Overall, the firing properties of VSNs demonstrated a tendency towards low rates of spontaneous activity (almost 1 Hz), consisting of both bursts and single spikes. While the probability of bursting increased during a stimulus response, the properties of burst duration and timing within bursts remained similar to that observed during spontaneous activity. The most prominent difference observed was that the time between bursts decreased during sensory responses. These results suggest that the primary feature in stimulus encoding involves the burst frequency or timing between bursts rather than a change in spike timing or longer burst duration.
Signal Transduction Pathway Is Involved in Shaping Spontaneous Activity
The similarity of bursts during both spontaneous activity and stimulus responses suggests that they are generated by a common mechanism. One possibility is that initiation of bursting is controlled by the membrane properties of the soma (Krahe and Gabbiani 2004; Bean 2007); another possibility is that bursts are triggered by the signal transduction cascade and that this cascade is sometimes activated spontaneously.

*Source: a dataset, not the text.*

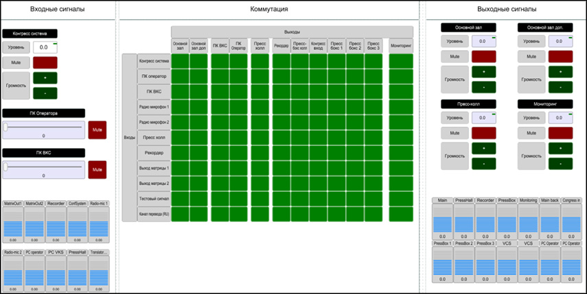 Для гибкого управления аудиосигналами в проекте задействован модульный процессор Xilica Solaro FR1 с платами Dante и USB. Он отвечает за маршрутизацию и обработку звука, позволяя выполнять эквализацию, вносить задержки, подавлять эхо и обратную связь от микрофонов. Возможность управления всеми параметрами звука с одного экрана реализована с помощью индивидуальной графической оболочки, созданной в ПО Xilica Designer. Оперативный выбор источников и регулировка громкости без участия основного оператора производятся через настенные панели в пресс-холле. Настройки и мониторинг всех цифровых блоков системы осуществляется по локальной сети.

To distinguish between these possibilities, we first exploited the fact that vomeronasal sensory transduction is PLC dependent (Holy et al. 2000; Touhara and Vosshall 2009). We treated vomeronasal tissue with the PLC inhibitor U-73122 (10 μM) or its inactive structural analog U-73343 (10 μM) while stimulating with sulfated steroids and 50 mM K+ Ringer solution. Consistent with previous work (Holy et al. 2000), the PLC inhibitor successfully eliminated receptor-dependent responses in 14/16 responsive cells (n = 49 cells; Fig. 7A) and responses were greatly reduced in the other two cells. Activity due to K+-induced depolarization is thought to bypass any signal transduction machinery, which is consistent with the maintenance of K+ Ringer solution response during treatment with U-73122 in all but two cells that were active throughout the recordings (Fig. 7B). Cells still maintained some degree of spontaneous activity in the absence of PLC activity (Fig. 7C), but the average firing rate dropped from 0.8 to 0.3 Hz. The reduced firing rate is reflected by a smaller amplitude peak in the population ISI histogram (Fig. 7D). While bursting was maintained during PLC block, the overall structure appeared qualitatively different (Fig. 7C). We found that U-73122 slowed the rate of firing within bursts (Fig. 7E) and increased the time between bursts (Fig. 7F). However, the most striking feature was that bursts were significantly reduced in length from 240.7 to 122.4 ms (Fig. 7E). One interpretation of these results is that signal transduction machinery plays a role in shaping spontaneous, as well as stimulus driven, activity in VSNs, potentially both in terms of the total amount of firing as well as sculpting the dynamics of individual bursts.
Fig. 7.
Blocking the signal transduction cascade affects spontaneous VSN activity. A: a raster plot showing the response of a cell to 10 μM A0225 while being treated with the inactive U-73343 (top) and the active U-73122 (bottom). The gray bar indicates the time over which stimulus was delivered. Stimulus-driven, not spontaneous, activity was eliminated in the bottom condition. B: a raster plot showing the activity of a different cell in response to 50 mM K+ Ringer solution. The response was maintained in both conditions. C: activity on a single electrode during Ringer solution stimulation in the presence of U-73343 (top) and U-73122 (bottom). Activity was greatly reduced at bottom, and the bursts were shorter, as illustrated by the boxed off region showing 1 s of activity from each trace. D: ISI histogram for the population of 49 cells that were treated with U-73343 (blue) and U-73122 (green). There is a slight rightward shift following PLC inhibition, suggesting a slowdown in activity. Here, and in subsequent panels, use activity was measured in the absence of stimulus. E: relative timing of the first and last 5 spikes within a burst. Time between spikes was slightly increased following drug treatment. F: cumulative frequency histogram of the IBI across the population. There was more time between bursts during PLC inhibition. G: cumulative frequency histogram of burst duration across the population during treatment with U-73343 (blue) and U-73122 (green). PLC inhibitor treatment led to a reduction in burst duration.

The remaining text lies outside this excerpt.